Telephony extended the basic idea of telegraphy by sending an analogue electric signal coming from a microphone, a device that contained carbon and produced a current when sound waves impinged on it. Telephony was designed to enable real time two way communication between people.

The discovery that electromagnetic waves propagate in the air over long distances led to Marconi’s invention of wireless telegraphy first and sound broadcasting, called “radio” par excellence, later. What was done for sound, however, was later done also for light, where the equivalent of the microphone was a tube made sensitive to light by a special phosphor layer that produces current when hit by light. The equivalent of the loudspeaker was the Cathode Ray Tube (CRT), a tube with a nearly planar surface producing light at a given point of the screen at a particular time with an intensity proportional to the magnitude of the input electric signal. But unlike the time-dependent one-dimensional electric signal at the output of a microphone, the light intensity on the surface of the light-sensitive tube is a time-dependent two-dimensional signal. The mapping of such a signal into a time-dependent one-dimensional signal was achieved by reading the current generated by an electron beam scanning the tube in an agreed order (left-to-right and top-to-bottom) at a sufficiently high frequency. 

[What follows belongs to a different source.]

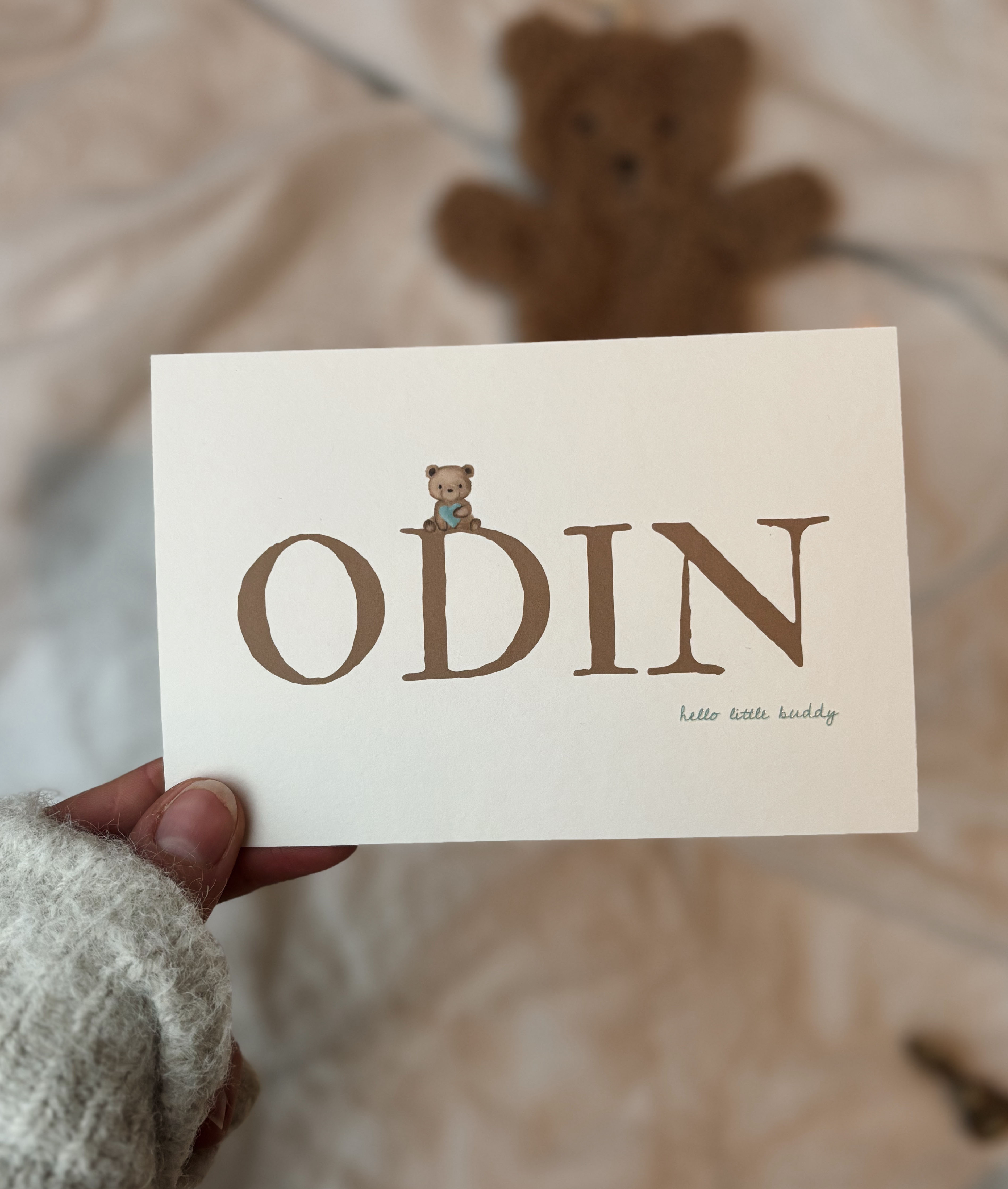 Stoer geboortekaartje met een lief handgetekende teddybeertje met (hogglans) hartje in zijn hand (die in gewenste kleur kan). Pas gemakkelijk de kleuren, achtergrond, naam en illustratie aan, net zoals al jouw gegevens op dit kaartje. Wil je deze kaart in een ander formaat/vorm of dubbele kaart? Stuur ons een berichtje en wij helpen je graag verder!

The purpose of scanning is similar to the one achieved with cinematography, viz. to convince the brain that the sequence of rapidly changing illuminated spots created by the electron flying spot is a continuous motion. The electric signal is then transmitted to a CRT where an electron beam, moving synchronously with the original electron beam, generates time-wise the same intensity that had hit the pick-up tube. The television scanning process produces much higher frequencies than audio because of the need to represent a two-dimensional time-dependent signal. The highest frequency is proportional to the product of the number of times per second an image is scanned (frame frequency), the number of scanning lines (vertical frequency) and the number of transitions that the eye can discern on a scan line (horizontal frequency). 

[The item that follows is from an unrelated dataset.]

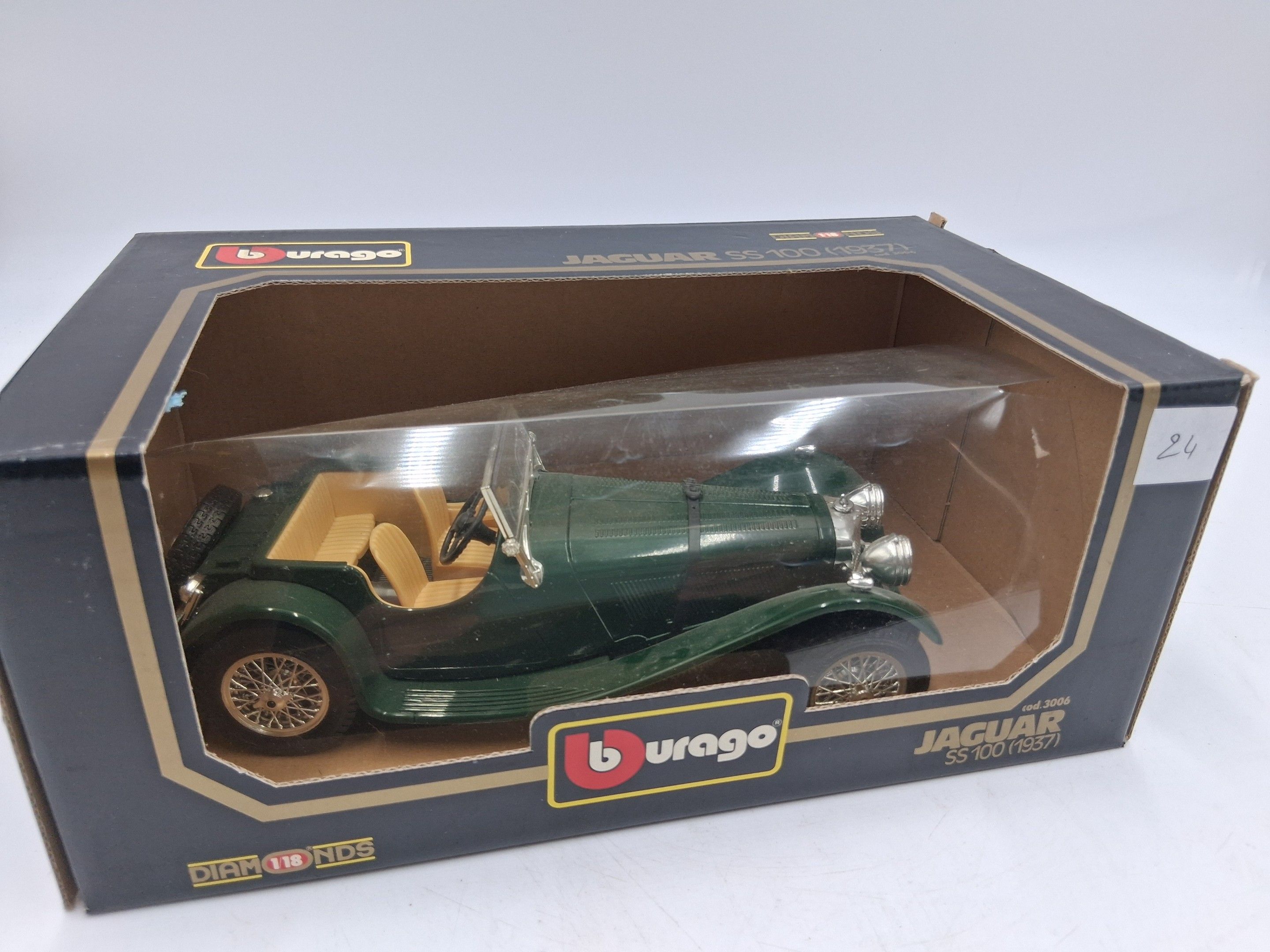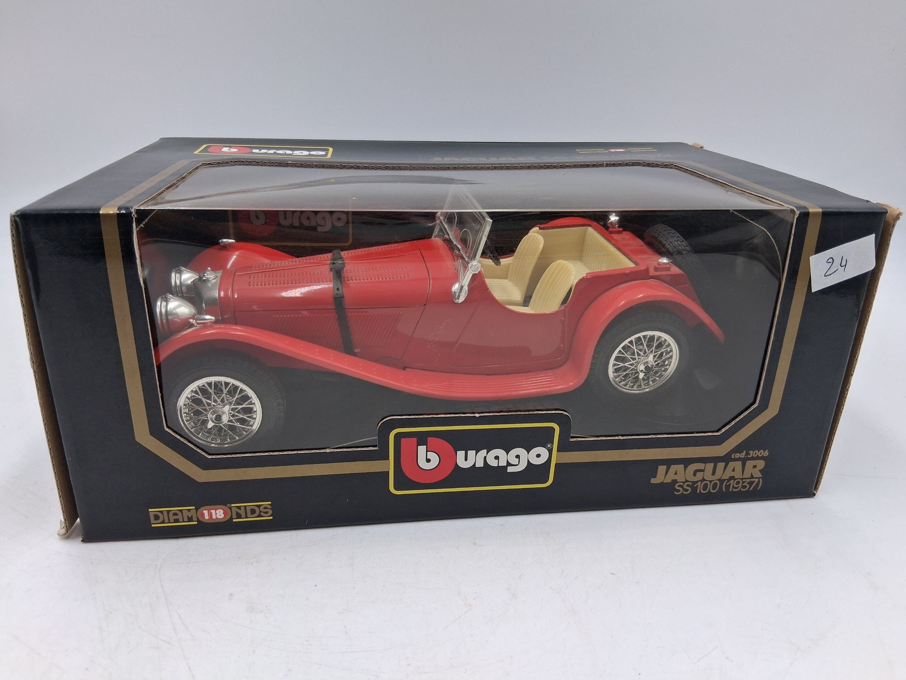 Three Jaguar BURAGO cars, scale 1/18, including: two SS 100 …

At the time the first television systems were introduced, the state of technology suggested the trick of subjectively “doubling” the frame frequency and the scan lines, to reduce what would otherwise be a fastidious flicker effect. A frame is composed of two “fields”, where one field has the horizontal scan lines offset by half the vertical line spacing with a process called interlacing. Originally CRTs were only capable of producing black-and-white light and therefore television could only produced monochrome pictures. Later, it became possible to manufacture pick-up tubes/CRTs with 3 types of sensor/phosphor, each capable of sensing/producing red, green and blue light, so as to pick up and generate colour pictures that looked more natural to the human eye. It was indeed experimentally proved – and physiological bases for this found – that any human-perceived colour can be expressed as a combination of 3 independent colours, such as Red Green and Blue (RGB) used in television and Cyan, Magenta and Yellow, with the addition of blacK (YMCK) used in colour printing.


Figure 1 – The human colour space

The transformation of the aural and visual information into electric signals made possible by the microphone and the television pick-up tube, along with the ability to magnetise tapes covered with magnetic material moving at an appropriate speed and then to read the corresponding information, facilitated the invention of systems to record audio and video information in real-time. 

In more recent times radio has been used to offer telephone service to people on the move. A number of antennae, deployed in an area with an appropriate spacing so as to create a set of “cells”, capture the signal emitted by mobile telephone sets and hand it over to the antenna nearest to the receiving set when a mobile handet changes cell.


Figure 1 – Mobile communication

The cellular system handles the transition to the next cell, so that users are not even aware that they are communicating through a different antenna.